I simplified this to, eg:
U='|'.join([x.encode('utf8') for x in unicode(string.uppercase,encoding)]?)
Is this ok, or is the reduce required for tricky i18n string handling ?
why did you comment out the setlocale - was it resetting your locale ? Is that because you don't have a LANG environment variable ? I put it there because the locale docs say to start your app that way to set locale according to LANG, but maybe zope does this already
do you have any sense of a performance impact from changing the regexp this way ?
would it make sense to utf8-encode the default international characters also, in the case where there is no locale ? Something like:
# maybe these should be utf8-encoded too #U='|'.join([x.encode('utf8') for x in unicode('A-Z\xc0-\xdf',encoding)]) #L='|'.join([x.encode('utf8') for x in unicode('a-z\xe0-\xff',encoding)]) #b = '(?<!(U|L|0|1|2|3|4|5|6|7|8|9))' % (U+L) #wikiname1 = r'%s(%s)+(%s)+(%s)(%s|%s)*[0-9]*' % (b,U,L,U,U,L) #wikiname2 = r'%s(%s)(%s)+(%s)(%s|%s)*[0-9]*' % (b,U,U,L,U,L)
and a more general one: are we being overly restrictive to recognize only characters defined in the locale ? should we be able to recognize any and all international characters, more or less, regardless of locale ?
status --SimonMichael, Thu, 29 Jan 2004 11:16:49 -0800 reply
This server is now running my version of your patch (see http://zwiki.org/zwikidir/Regexps.py ) for testing.. I have no locale set on this server though, so what we're seeing here is the no-locale case, which I've tried to update for UTF-8.
It's not yet right though (and getting hard to follow!). Although it recognizes utf-8 Alguém as a whole word, it links it when it shouldn't.
So let's try --Samotnik, Thu, 29 Jan 2004 11:30:25 -0800 reply
Śpiąca Królewna łka, a wróble ćwierkają
AlguémPage
checking in --SimonMichael, Thu, 29 Jan 2004 22:29:56 -0800 reply
The no-locale case seems to be working now also, recognizing western european characters in links and not linking things it shouldn't. The regexps just got more complicated, I haven't noticed any blatant speed change. More testing needed. I think this needs to go into 0.27.

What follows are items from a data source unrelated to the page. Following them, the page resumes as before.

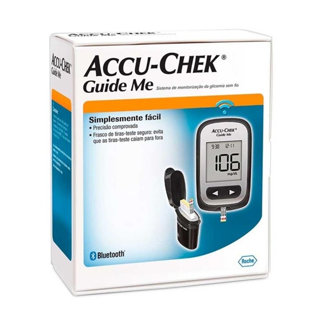 O Monitor de Glicemia Accu-Chek Guide Me é ideal para proporcionar mais simplicidade à medição de glicemia. Como vem com tiras de fácil dosagem, basta uma pequena gota de sangue para uma ampla área de aplicação, mostrando o resultado do teste em menos de 4 segundos. Muito cômodo, possui conectividade Bluetooth e via cabo USB, que permite a passagem dos dados de forma automática para seu smartphone. O Kit contém: 1 Monitor de Glicemia Accu-Chek Guide Me 1 Caneta lancetadora Guide Me 10 Tiras Accu-Chek Guide Me 6 Lancetas Accu-Chek Guide Me
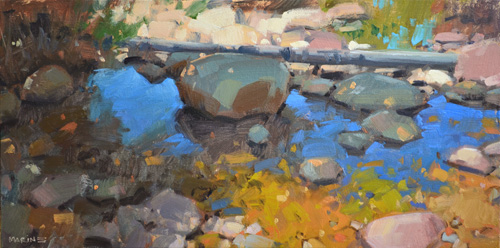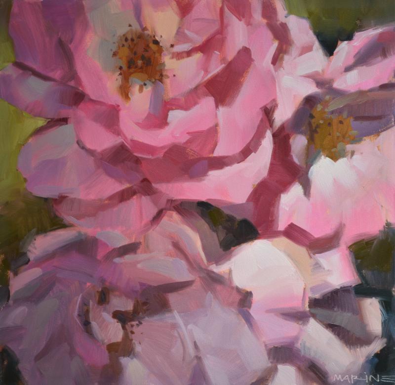 I took the photo reference for this one in Tucson 2 weeks ago, at Catalina State Park. I used a lot of what I learned from the various landscape demos I saw at the Plein Air Convention, tried some new things, and some new brushes. And I'm pretty thrilled with the result! More on this soon... I also wanted to show you one of the paintings from my current show (below: "Patterns in Pink" 12x12in. $700). My plan is to post them all here, eventually. Show sales will go through the Karin Clarke Gallery (541) 684-7963.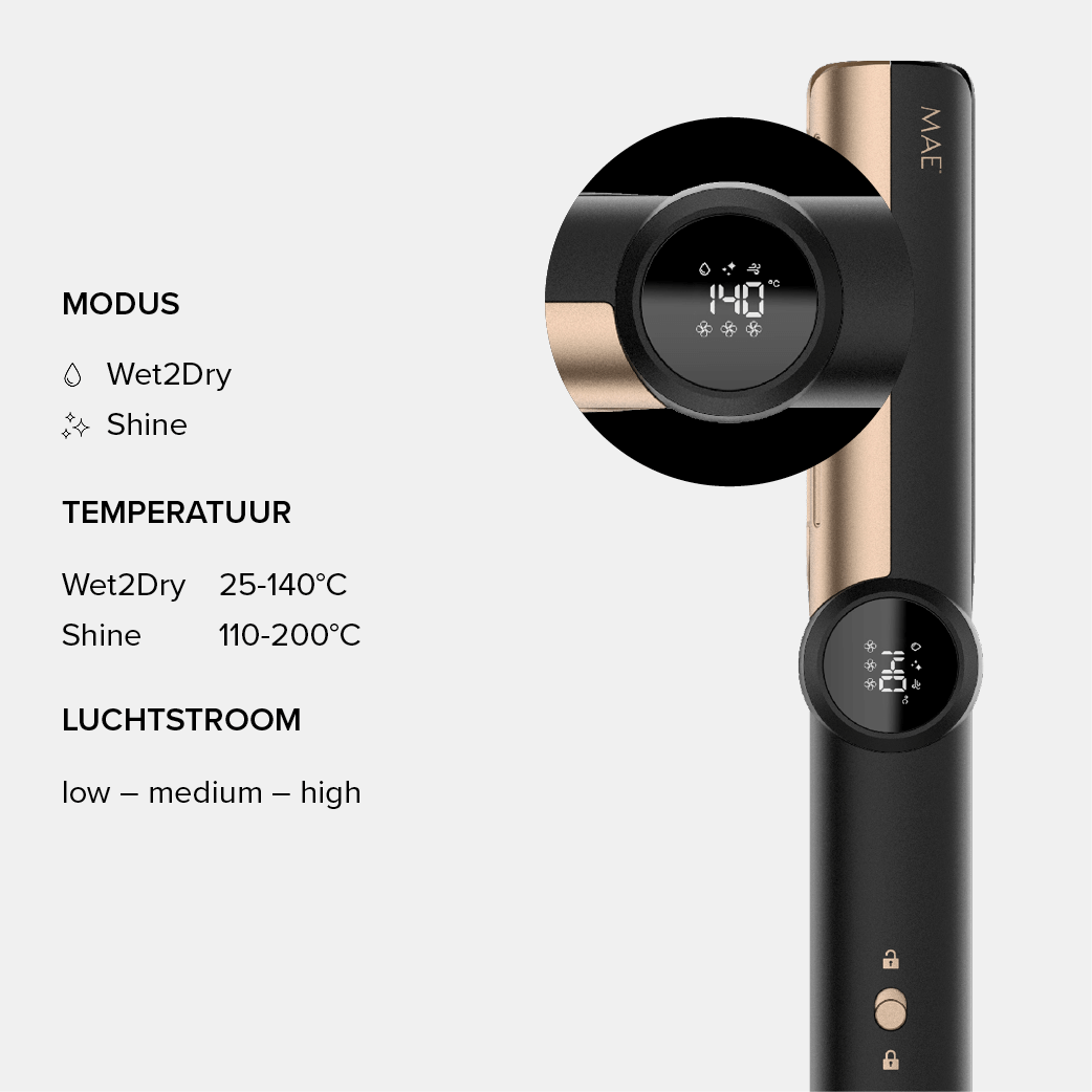• Wet2Dry Mode: Temperatuur van 25, 80, 110, 140°C voor nat haar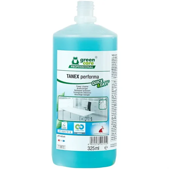 • TANEX performa Quick&Easy eignet sich hervorragend für die Anwendung auf allen Kunststoff- und kunststoffbeschichteten Oberflächen, sowohl innen als auch außen. Perfekt geeignet zur Reinigung von Tischen, Türen, Schränken, Regalen und Wandpaneelen.Verwenden Sie dieses Produkt nicht auf unversiegeltem Holz, lackierten Materialien und Acrylglas. Für unser QUICK & EASY System empfehlen wir, das Wasser nach 24 Stunden zu wechseln. Hinweise zu Produktsicherheit, Lagerung und Umweltbedingungen Sicherheit: Nur für den gewerblichen Gebrauch. Für Kinder unzugänglich aufbewahren. Produkt nicht mit anderen Produkten mischen. Prüfen Sie zunächst die Materialverträglichkeit an einer nicht sichtbaren Stelle. Lagerung: Bei Raumtemperatur im Originalbehälter aufbewahren. Umweltbedingungen: Nur die vollständig entleerte Verpackung bei der Recyclingstation abgeben. Eine korrekte Dosierung ist günstiger und minimiert die Umweltbelastung. Im Vergleich zu anderen Produkten wird empfohlen, eine geringere Menge zu verwenden.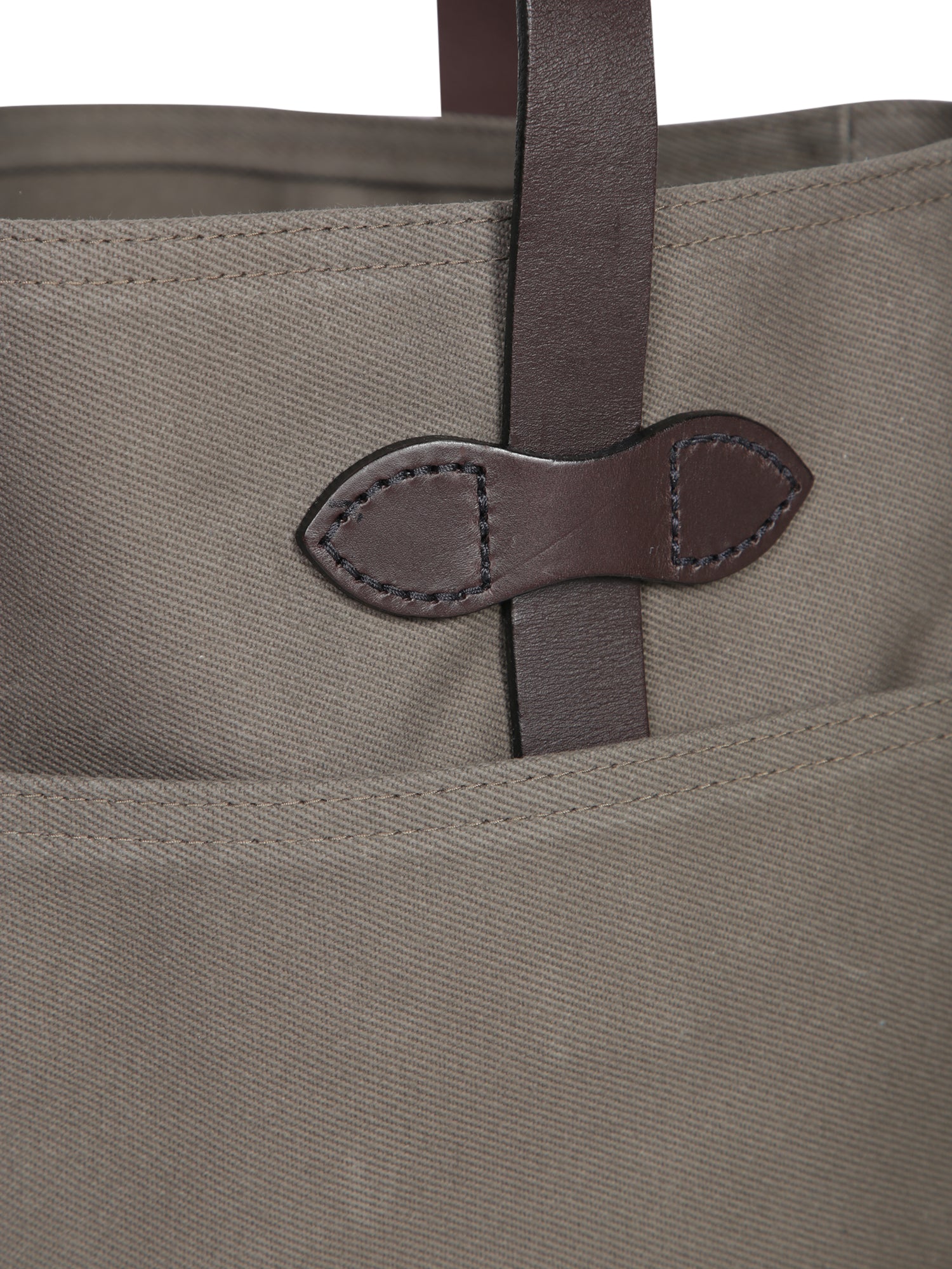 Brown leather handles. External pockets. Wide main opening.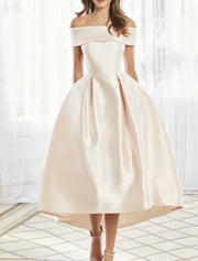 A-Line Mother of the Bride Dress Wedding Guest Elegant Off Shoulder Ankle Length Satin Short Sleeve with Pleats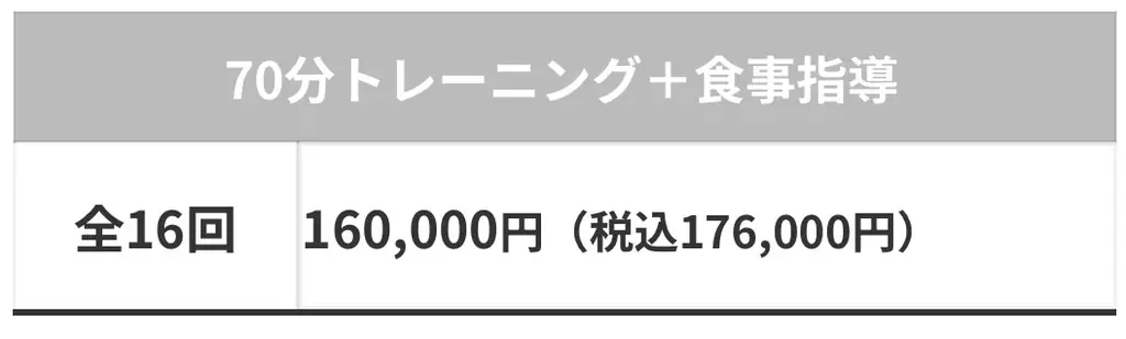 | 短期集中コース | 栄養指導(アプリ・写真)付き、リバウンドアフターサポートあり。有効期限4ヶ月 |

property change --SimonMichael, Thu, 29 Jan 2004 22:37:31 -0800 reply
Status: open => closed
Problem if locale encoding is utf-8 --Tue, 03 Feb 2004 03:35:46 -0800 reply
i get a broken Product Zwiki if the locale is set to de_DE.UTF-8 (on FreeBSD? with utf8locale port. the traceback is:
Import Traceback Traceback (most recent call last): File "/usr/local/www/z27c1/lib/python/OFS/Application.py", line 654, in import_product product=__import__(pname, global_dict, global_dict, silly) File "/usr/local/www/z27c1inst/Products/ZWiki/__init__.py", line 10, in ? import ZWikiPage, ZWikiWeb, Permissions, Defaults File "/usr/local/www/z27c1inst/Products/ZWiki/ZWikiPage.py", line 63, in ? from Regexps import url, bracketedexpr, doublebracketedexpr, \ File "/usr/local/www/z27c1inst/Products/ZWiki/Regexps.py", line 71, in ? U='|'.join([x.encode('utf8') for x in unicode(string.uppercase,encoding)]) UnicodeDecodeError: 'utf8' codec can't decode bytes in position 26-27: invalid data
some more info --Tue, 03 Feb 2004 03:56:51 -0800 reply
the versions are: zwiki 0.27 , zope 2.7.0rc1, python 2.3.3
the last "File" line in the traceback should be line 70 in the original source because i added a line to set the encoding to "iso8859_15" for testing but commented it out to get the traceback back.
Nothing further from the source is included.